More importantly, DHCR does not argue — let alone establish — that the facts garnered during the second inspection provided a rational basis for overruling its prior decision and ignoring prior precedent. It is undisputed that the original DHCR inspection found defects relating to water seepage in only 10 apartments in a building containing 108 apartments. As indicated, DHCR initially found this insufficient to deny the entire MCI, as the condition was limited to a relatively few apartments and thus did not negate the fact that the work was comprehensive. The second DHCR inspection, which took place six years later, found even less damage relating to water seepage in only six apartments. It defies logic and common sense to: (1) initially find that “a limited number of tenants (in this case, 10 out of a total of 108)” that may be experiencing problems with the work is not sufficient to warrant a denial of the MCI rent increase; and (2) then render an opposite conclusion when conditions actually improve. Agency action must always be rational and decision making that is typified by erratic and unexplained changes in analysis is the antithesis of that standard and undermines the agency’s rationale (see Matter of Charles A. Field Delivery Serv., 66 NY2d at 517).

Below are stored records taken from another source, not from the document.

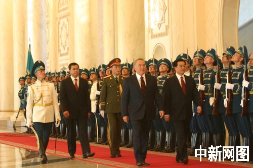當地時間七月三日傍晚,哈薩克斯坦總統納扎爾巴耶夫在總統府舉行隆重的歡迎儀式,歡迎到訪的中國國家主席胡錦濤。
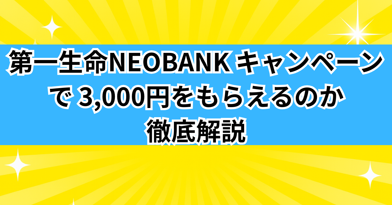 第一生命NEOBANKキャンペーンで 3,000円をもらえるのか徹底解説
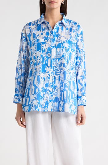 A scenic, summery print covers this lightweight button-up shirt cut in a relaxed fit that makes it perfect for wearing solo or layering into your look.
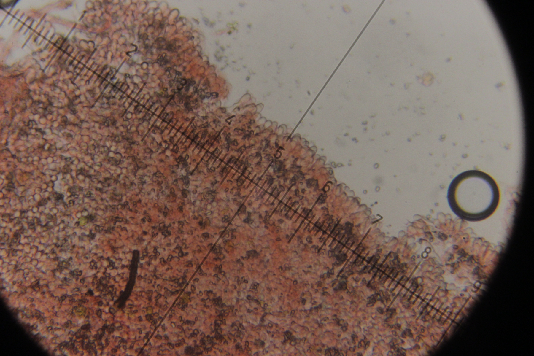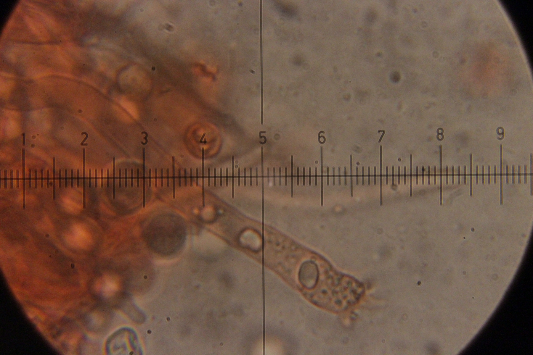 Da müsste man mal gucken, daß man welche an Basidien sitzend findet. Die Elemente auf dem letzten Bild hätte ich jetzt ebenfalls für Basidien gehalten? Das muss man vielleicht mehr im Überblick sehen, um die einzelnen Elemente direkter vergleichen zu können. Die Sporen könnte man mal in Melzer und in Baumwallblau angucken, Amyloidität ist ja immer wichtig und mir scheinen die irgendwie nicht glatt zu sein.

Finally, contrary to DHCR’s contention, the Court of Appeals’ recent pronouncement in Terrace Ct. does not mandate a different result. In Terrace Ct., the owner of a building containing 91 residential apartments, 37 of which were rent-regulated, spent approximately $1.2 million to upgrade the building. The project involved pointing work and the replacement of masonry, lintels and parapets. In September 2005, approximately 16 months after submission of the MCI application, a DHCR inspector and a *166Terrace Court employee inspected five allegedly damaged apartments. Each of these residences had walls in various states of disrepair and exhibited staining, discoloration, blistering or cracking. Actual moisture was detected in two of the apartments. The Court of Appeals held that DHCR not only had the authority to grant a MCI increase while at the same time permanently exempting particular apartments from the obligation to pay additional rent, but that the circumstances of the case warranted such determination (18 NY3d at 450).

In this case, however, the determination to revoke the prior grant of a MCI increase with regard to the unaffected apartments (thereby denying the exterior MCI rent increase in its entirety), was arbitrary and capricious because DHCR neither indicated a reason for its drastic penalty nor adhered to prior rulings in similar cases where, as in Terrace Ct., only a few units were affected.

Accordingly, the judgment of the Supreme Court, New York County (Eileen A. Rakower, J.), entered January 10, 2012, granting the petition to annul a determination of respondent DHCR, dated June 30, 2011, which reduced a Major Capital Improvement rent increase that had previously been granted to petitioner building owner and ordered a refund of any excess rent collected from the tenants, and remanding the matter to DHCR for further proceedings, should be affirmed, without costs.

Tom, J.E, Andrias and DeGrasse, JJ., concur.

Judgment, Supreme Court, New York County, entered January 10, 2012, affirmed, without costs.